Marietta lo ascoltava, incantata. Non aveva mai sentito Ruben dire tante parole di fila.
«Ma poi non ho voluto più accontentarmi. Volevo qualcosa di migliore, anche se l’unico modo per cui avrei potuto avere abbastanza denaro da assicurarmelo era illegale. Volevo un futuro che nessun passato sarebbe stato in grado di annientare.»
«Cosa vuoi dire?» chiese lei debolmente. «Tu non hai un passato di colpe contro cui combattere.»
Ruben volse il viso dall’altra parte, sottraendo dallo sguardo di lei il proprio profilo. Marietta non poteva far altro che fissare le sue spalle, larghe, robuste, solide come le certezze che non aveva mai avuto.
«Ma tu sì. Quel futuro lo volevo insieme a te.»
Marietta vacillò.
Fu come se improvvisamente un colpo di vento avesse spalancato tutte le imposte della stanza buia dov’era vissuta tutto quel tempo e lei scoprisse che non era una cella oscura e fredda, ma un salone caldo e dorato. Un palazzo costruito attorno a lei senza che se ne accorgesse; costruito da Ruben.
Realizzò ciò che legava lui a lei da tutti quegli anni, realizzò che aveva passato tutto quel tempo cercando di costruire qualcosa di meglio per lei, e che non se n’era mai accorta. O non aveva mai voluto guardare con attenzione.
E si sentì male, perché un sentimento così fedele, incondizionato, un sentimento così bello da parte di un uomo così discreto e generoso non poteva essere rivolto a lei. Era sbagliato. Era terribile.
Ruben non poteva amare una creatura cieca e macchiata dalla vergogna quale lei era. Non lo meritava. Lui non meritava lei, ma qualcosa di immensamente maggiore.
Una donna senza colpe irredente, una donna senza occhi ciechi, che non cercava di appigliarsi a un altro solo per disperazione e solitudine.
Una che non era lei.
Stordita, si rese conto solo allora di una figura argentata apparsa nella stanza. Un cigno, messaggero dell’ultimo canto delle vecchie certezze di Marietta che morivano.
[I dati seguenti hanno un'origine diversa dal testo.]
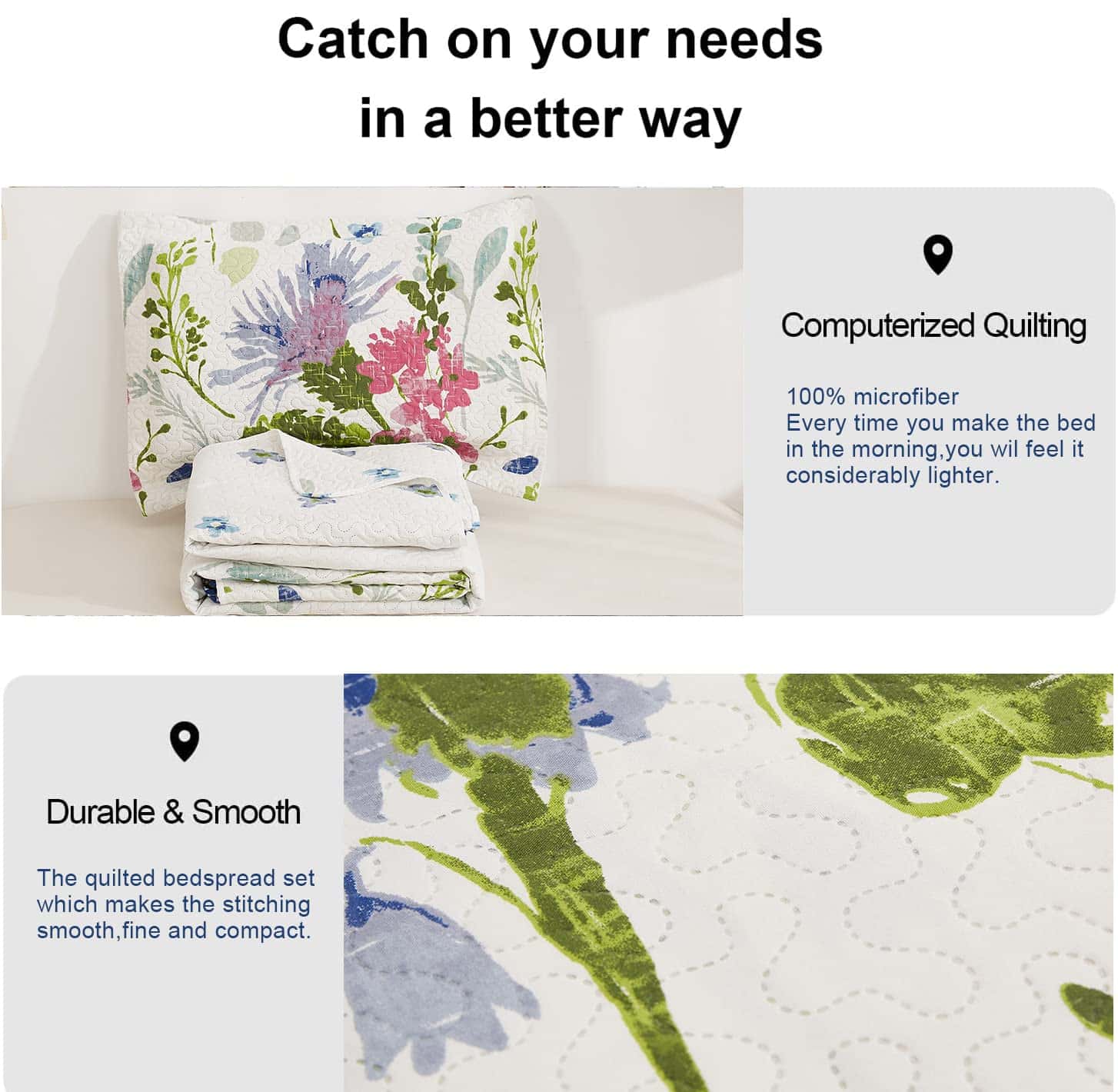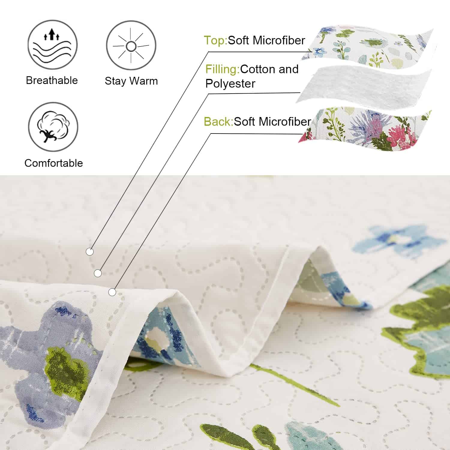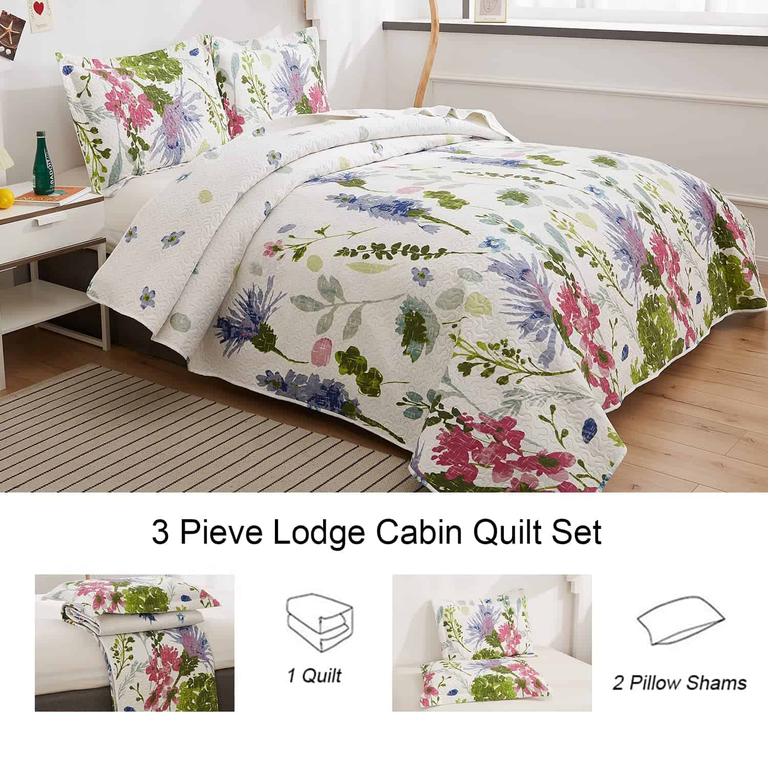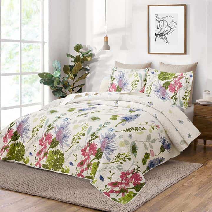 Juego de Colcha Floral Ycosy Reversible Acolchados de
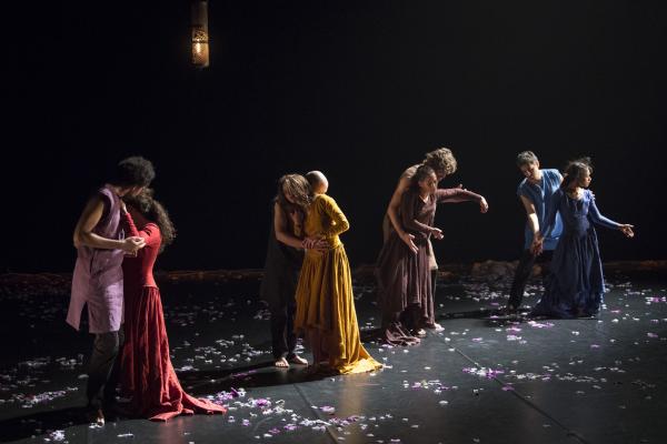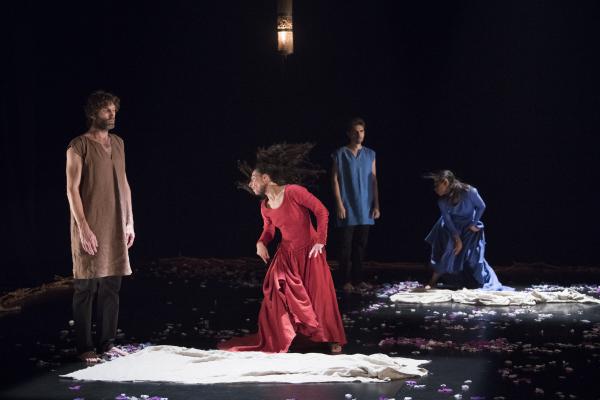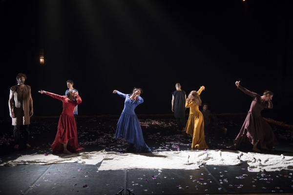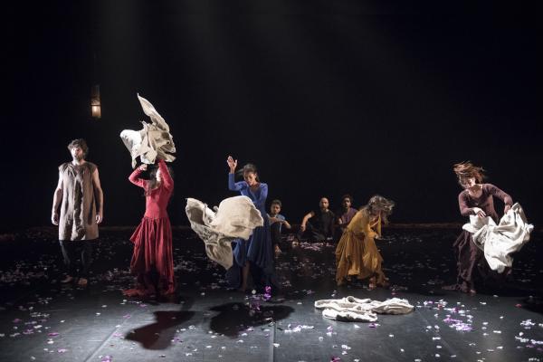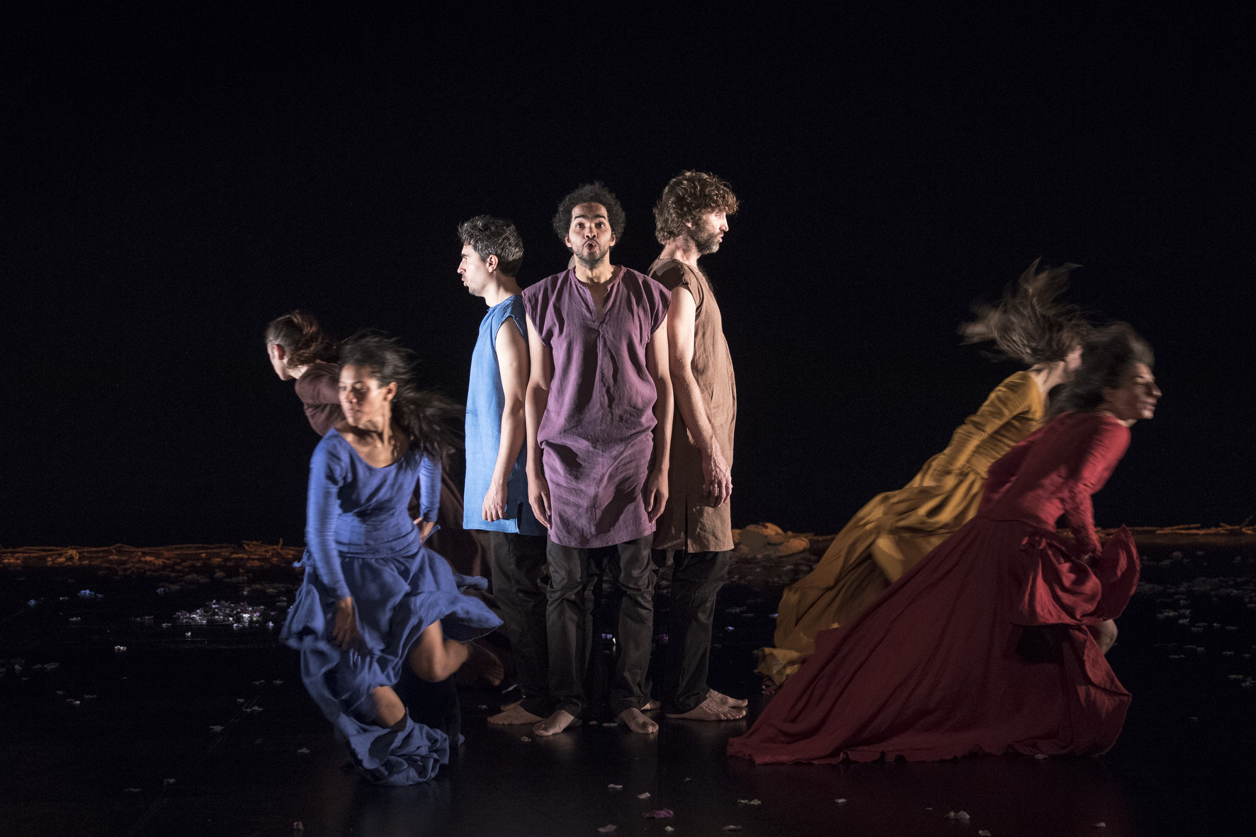 Sous de magnifiques lumières sépia de Denis Rion, s’installe une incroyable histoire. Les femmes vêtues de longues robes en lin de teintes différentes et les hommes de tuniques de la même matière, passent par des sentiments et des intentions qui parfois s’opposent totalement et parfois se rejoignent dans des instants de tendresse et de douceur.

«Hanno preso Roger Davies» disse la familiare voce di Cho Chang, la sua migliore amica. «Spero che tu abbia portato Marietta al sicuro. Non te l’avrei mai affidata se non fossi stata sicura che te ne saresti preso cura meglio di me, Armstrong. Tienila lontana dai Magazzini di Smistamento, d’ora in avanti, o non ti perdonerò mai.»
Poi il cigno si dissolse, e la stanza calò in un silenzio interrotto solo dai singulti violenti del pianto di Marietta.